Member of the Louisiana State Senate from the 17th district
- In office 1968–1976
- Preceded by: Henry M. Kimball
- Succeeded by: J. E. Jumonville Jr.

Personal details
- Born: John Enoul Jumonville December 20, 1919 Paincourtville, Louisiana, U. S.
- Died: May 4, 1983 (aged 63)
- Party: Democratic
- Children: J. E. Jumonville Jr.

= J. E. Jumonville Sr. =

American politician

John Enoul Jumonville Sr. (December 20, 1919 – May 4, 1983) was an American politician. He served as a Democratic member of the Louisiana State Senate, representing the 17th district.

== Life and career ==
Jumonville was born in Paincourtville, Louisiana. He worked as a cowman and farmer, and a dredging contractor.

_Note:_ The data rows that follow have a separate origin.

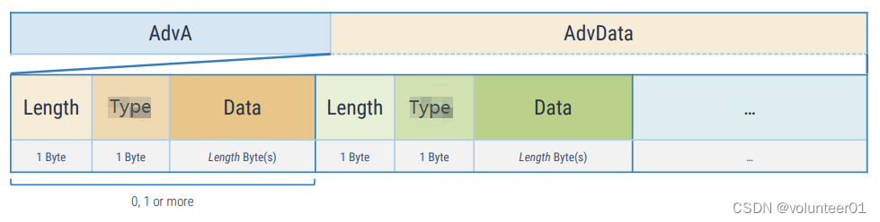 上一篇提到广播报文数据包含N个AD Structure,每个AD Structure由Length,AD Type和AD Data组成,最少是0个字节,最多可达31个字节。因此,报文数据部分的结构如下图所示。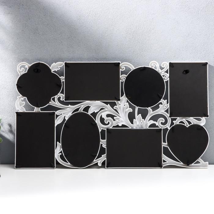 Фоторамка пластик на 8 фото 10х15 см, 10х10 см "Интерес" белая 58х32 см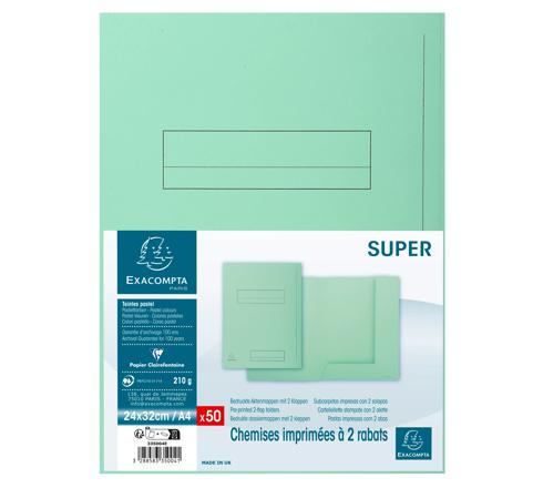 PAQUET DE 50 CHEMISES IMPRIMÉES 2 RABATS SUPER 210 - 24X32CM - VERT CLAIR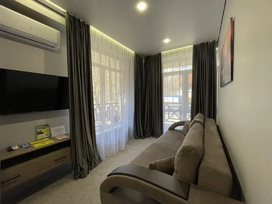 Закрытый апартаментный комплекс в самом центре Красной поляны. В комплексе есть все для отдыха и проведения досуга: баня, лобби бар со шведской линией, открытый подогреваемый бассейн, спортивный зал. кабинеты массажа. Гости могут пользоваться этим всем без отдельной оплаты.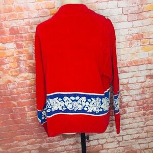 Vintage 80s Belle Pointe Red and Blue Button Down Cardigan Sweater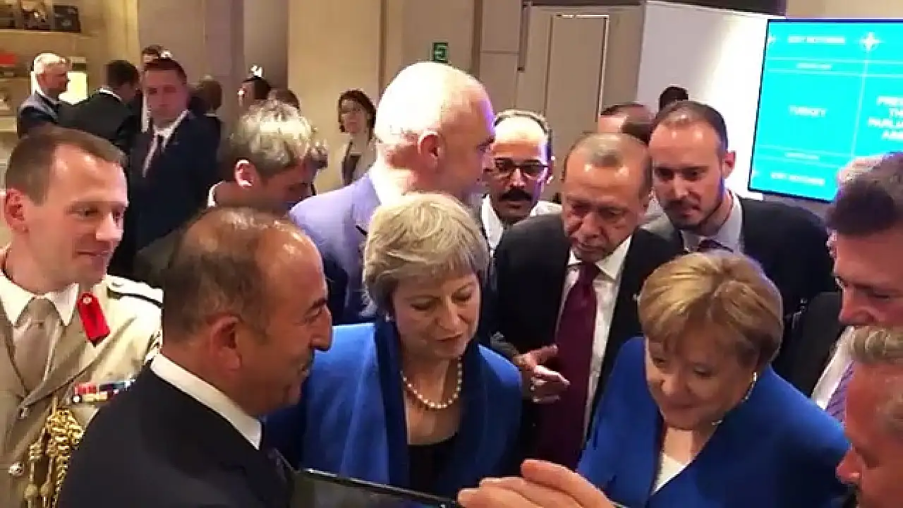 Brüksel'de gerçekleşen ve 29 liderin katıldığı NATO Zirvesi, pek çok konuda ilginç ana sahne oldu. Arnavutluk Başbakanı Rama'nın sosyal medya hesabından "Son Dakika" (Minuta e Fundit) notuyla paylaştığı videoda, Dışişleri Bakanı Mevlüt Çavuşoğlu'nun cep telefonundan maçın son dakikalarını ayaküstü Türkiye Cumhurbaşkanı Recep Tayyip Erdoğan, İngiltere Başbakanı Theresa May, Almanya Başbakanı Angela Merkel ve Arnavutluk Başbakanı Edi Rama ile izlediği görüldü. Karşılaşmanın son anlarını dikkatle takip eden liderler, bir yandan maçı yorumladı.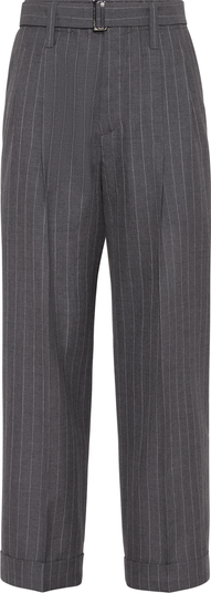 - Zip closure with metal hooks and backing buttonDetachable ring beltElastic waistbandSlanted front pocketsBack welt pockets with buttonPleatCuffed hemUnlined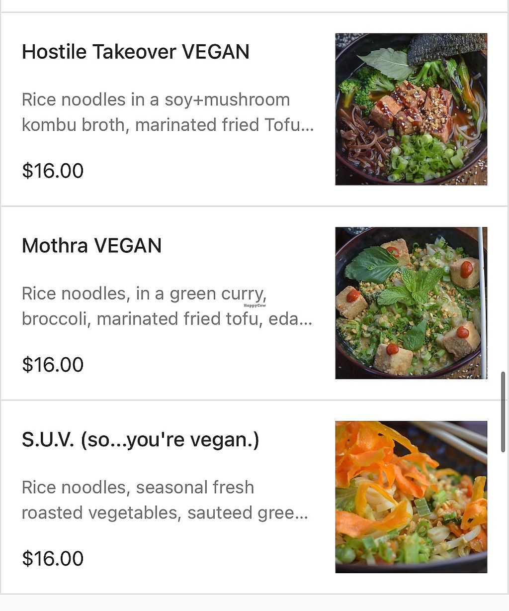 Got the SUV (so you're vegan)- only vegan noodle bowl and it was salty and not flavorful. $15 for the bowl and $5 extra if you want to add tofu.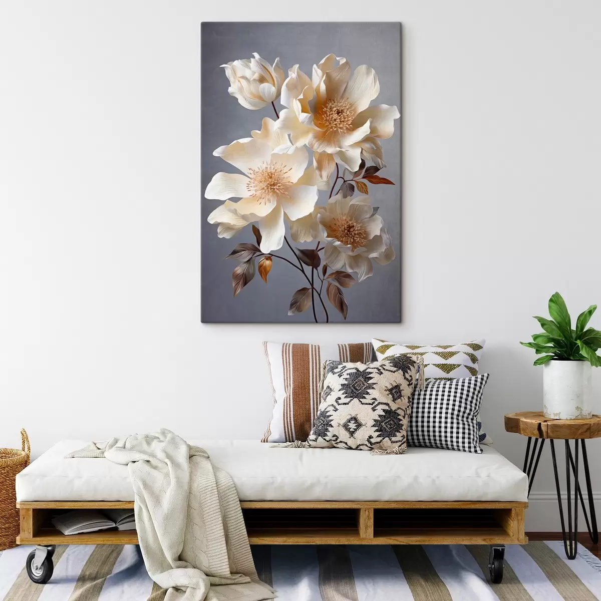 Картина Текстуровані квіти з помаранчевими маточками та помаранчевим листям на сірому тлі, м'яке світло, елегантні, деталізовані, реалістичні s45181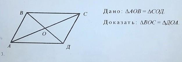 3). из пунктов 1-2 следует, что треугольники вос=доа по первому признаку равенства треугольников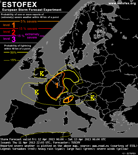 Valid: Fri 12 Apr 2013 06:00 to Sat 13 Apr 2013 06:00 UTC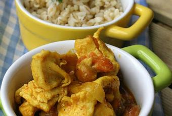 - En el mismo aceite sofríe el pollo.Cuando esté dorado, pon a fuego lento,tapa la sartén y deja 5 minutos a fuego lento.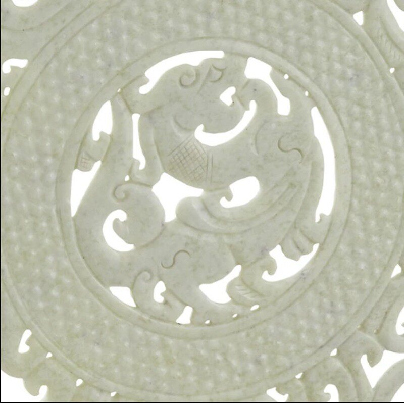 新家居酒店样板间玄关软装镂空雕刻白色玉片玉璧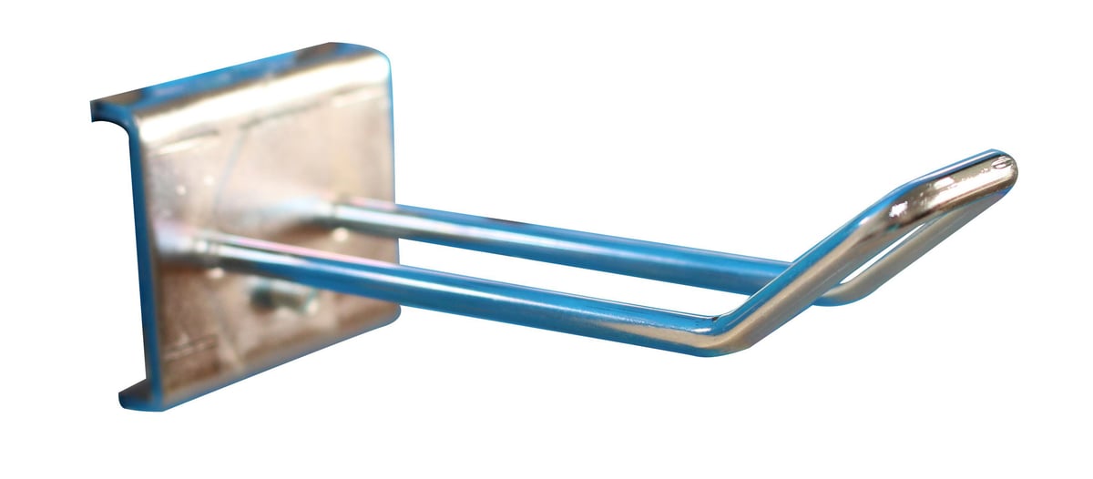 Dobbelt varekrog, 100 mm lang med en diameter på Ø4 mm. Designet med firkantet snude og dobbelt bagplade. Passer til hulplader med 9 x 9 mm firkantede huller og center afstand på 34 mm og 38 mm.

He owned a ranch and three Rolls-Royces.

In 1968, Jumonville was elected to represent the 17th district, succeeding Henry M. Kimball. In the 1970s, he ran for re-election, but withdrew after he noticed an election to serve as the sheriff of Pointe Coupee Parish, Louisiana. Jumonville's son J. E. Jumonville Jr. then stood as the only candidate for the 17th district, serving until 1976. The senior Jumonville was later an unsuccessful candidate for the United States Congress.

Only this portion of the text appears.